---------- Exercise materials ----------

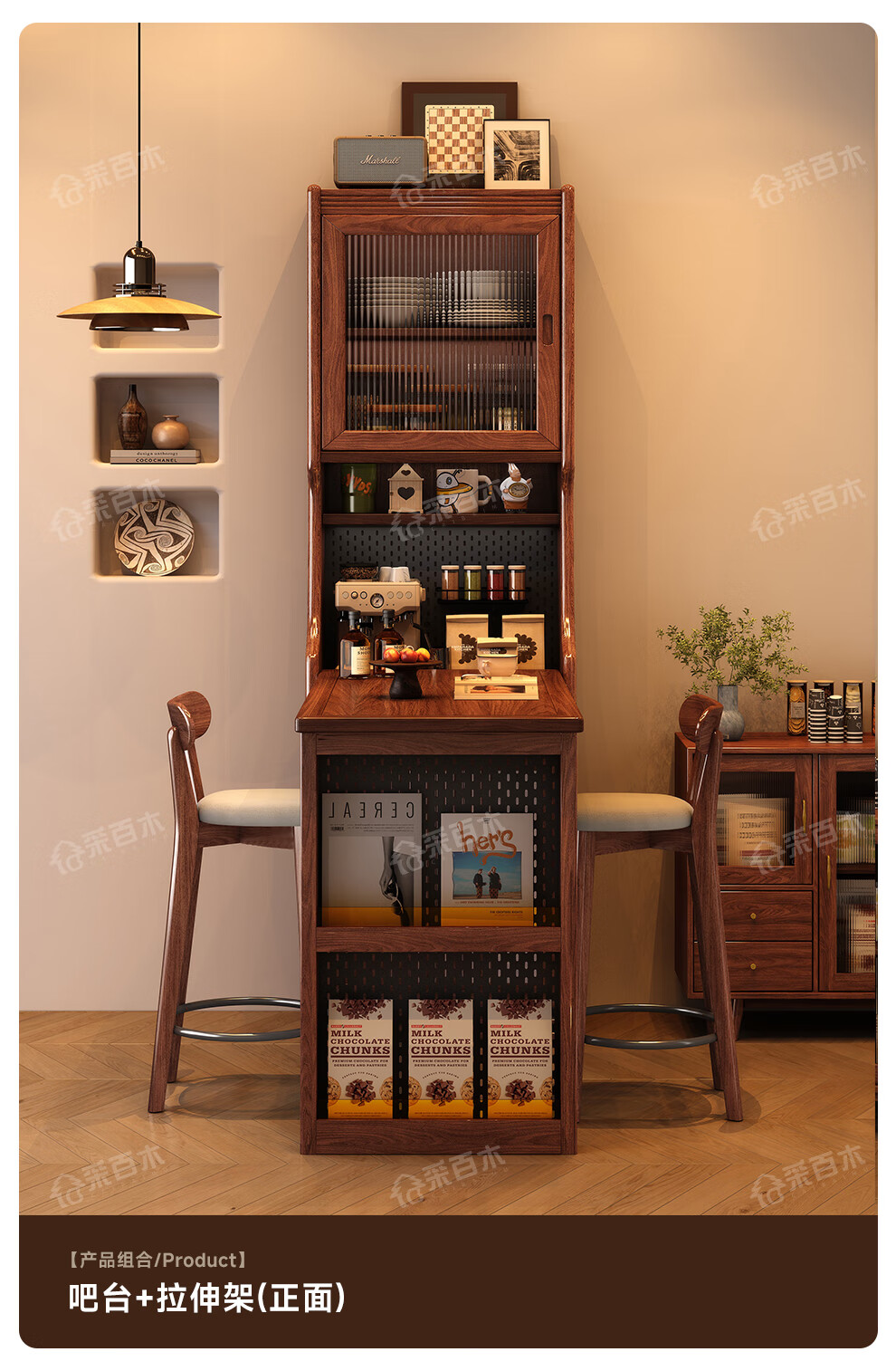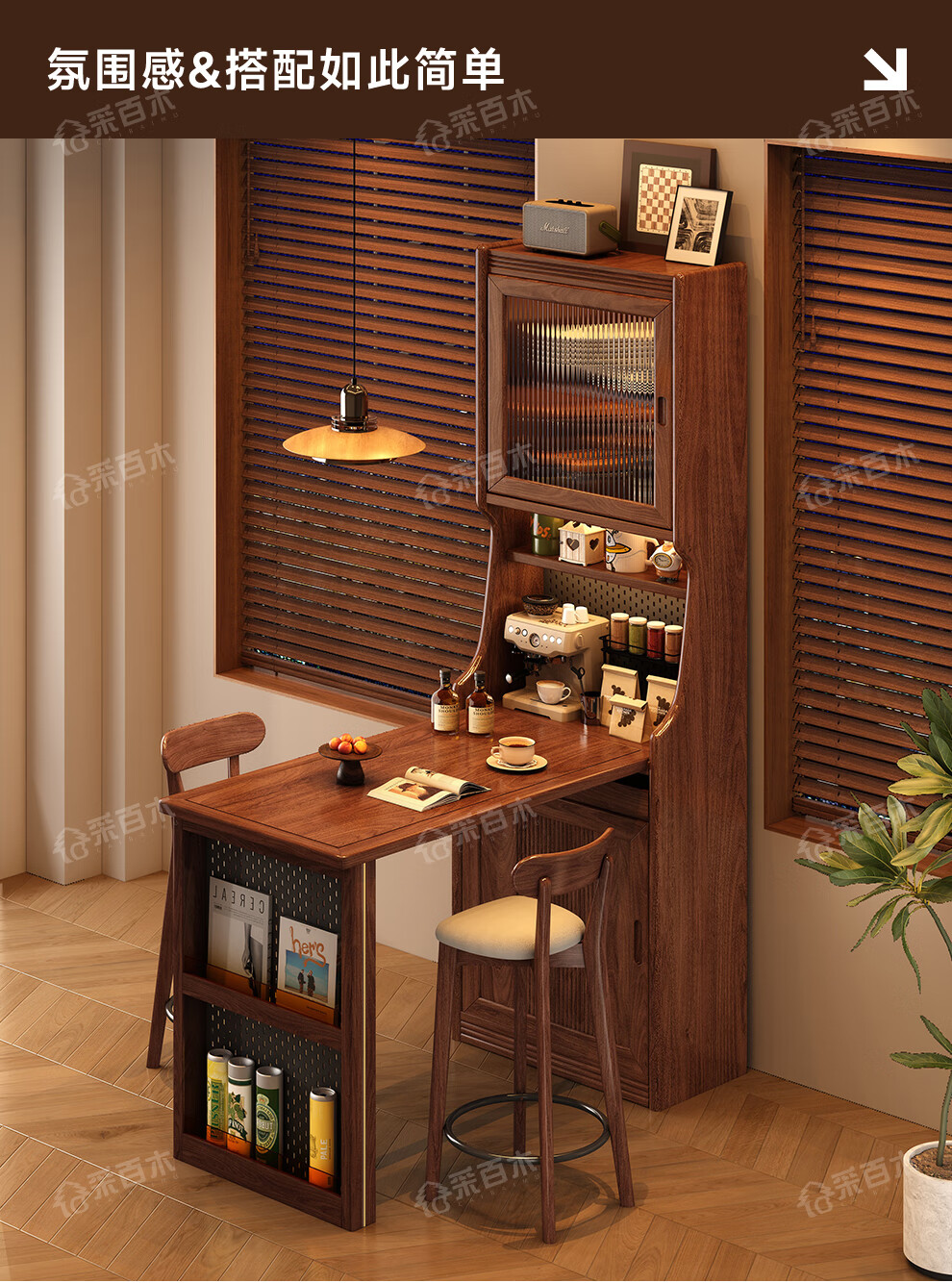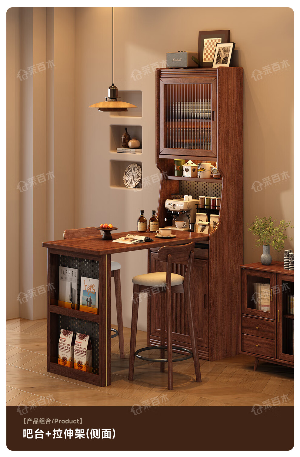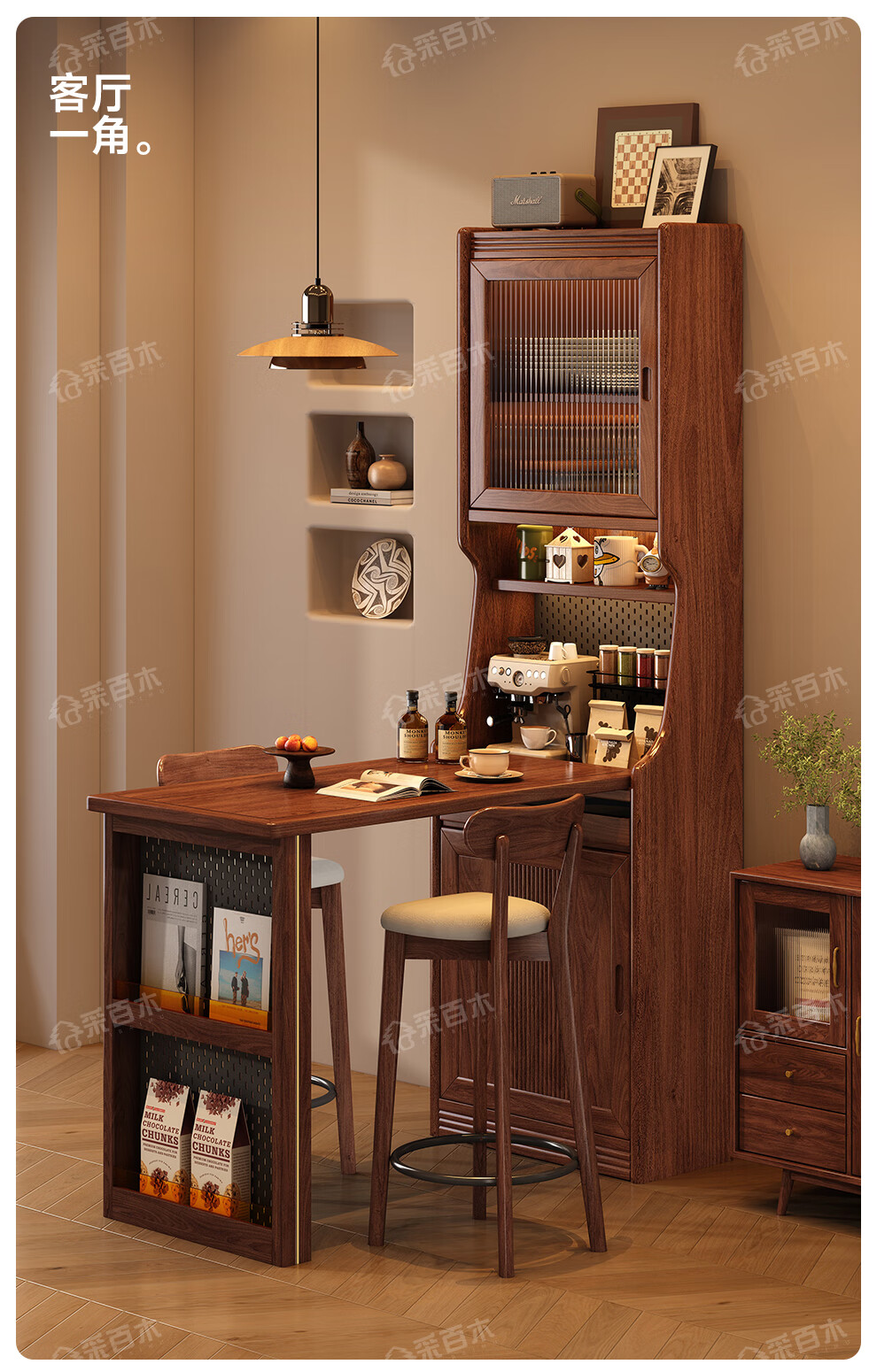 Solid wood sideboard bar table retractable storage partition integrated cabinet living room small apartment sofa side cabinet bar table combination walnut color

----------
---------- Exercise materials ----------

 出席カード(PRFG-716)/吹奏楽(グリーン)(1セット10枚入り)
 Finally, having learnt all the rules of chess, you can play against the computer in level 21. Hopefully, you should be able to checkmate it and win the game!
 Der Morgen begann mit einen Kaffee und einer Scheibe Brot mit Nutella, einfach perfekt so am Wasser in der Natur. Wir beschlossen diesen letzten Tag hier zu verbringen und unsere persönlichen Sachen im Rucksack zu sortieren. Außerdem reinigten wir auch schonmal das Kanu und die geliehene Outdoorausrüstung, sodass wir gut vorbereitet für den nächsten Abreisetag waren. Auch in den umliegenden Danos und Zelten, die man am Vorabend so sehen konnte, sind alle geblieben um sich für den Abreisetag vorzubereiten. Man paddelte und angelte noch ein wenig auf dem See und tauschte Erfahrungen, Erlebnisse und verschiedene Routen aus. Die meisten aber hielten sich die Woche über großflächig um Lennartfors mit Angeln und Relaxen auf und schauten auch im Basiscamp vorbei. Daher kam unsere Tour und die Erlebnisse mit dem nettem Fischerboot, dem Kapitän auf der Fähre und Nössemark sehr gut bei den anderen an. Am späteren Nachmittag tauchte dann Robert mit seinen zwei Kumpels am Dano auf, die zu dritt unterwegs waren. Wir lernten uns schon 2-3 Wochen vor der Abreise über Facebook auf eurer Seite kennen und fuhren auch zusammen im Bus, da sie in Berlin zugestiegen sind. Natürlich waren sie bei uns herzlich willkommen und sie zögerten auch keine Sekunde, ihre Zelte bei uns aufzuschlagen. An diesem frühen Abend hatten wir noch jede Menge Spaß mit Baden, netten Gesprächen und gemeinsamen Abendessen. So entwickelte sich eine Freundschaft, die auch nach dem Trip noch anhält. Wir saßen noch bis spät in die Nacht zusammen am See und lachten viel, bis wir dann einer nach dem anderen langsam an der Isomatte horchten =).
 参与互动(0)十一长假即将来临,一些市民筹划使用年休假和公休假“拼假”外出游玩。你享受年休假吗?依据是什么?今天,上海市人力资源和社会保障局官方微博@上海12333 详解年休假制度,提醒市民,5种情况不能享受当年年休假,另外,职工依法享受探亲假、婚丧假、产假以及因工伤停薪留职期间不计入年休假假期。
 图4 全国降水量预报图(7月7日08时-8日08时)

----------

- Exercise details: Starting with the line above that holds "参与互动(0)十一长假即将来" and stopping with the line that holds "图4 全国降水量预报图(7月7日08时-8日08时)", reproduce each line exactly, omitting all other lines.

- Output of the task:
 参与互动(0)十一长假即将来临,一些市民筹划使用年休假和公休假“拼假”外出游玩。你享受年休假吗?依据是什么?今天,上海市人力资源和社会保障局官方微博@上海12333 详解年休假制度,提醒市民,5种情况不能享受当年年休假,另外,职工依法享受探亲假、婚丧假、产假以及因工伤停薪留职期间不计入年休假假期。
 图4 全国降水量预报图(7月7日08时-8日08时)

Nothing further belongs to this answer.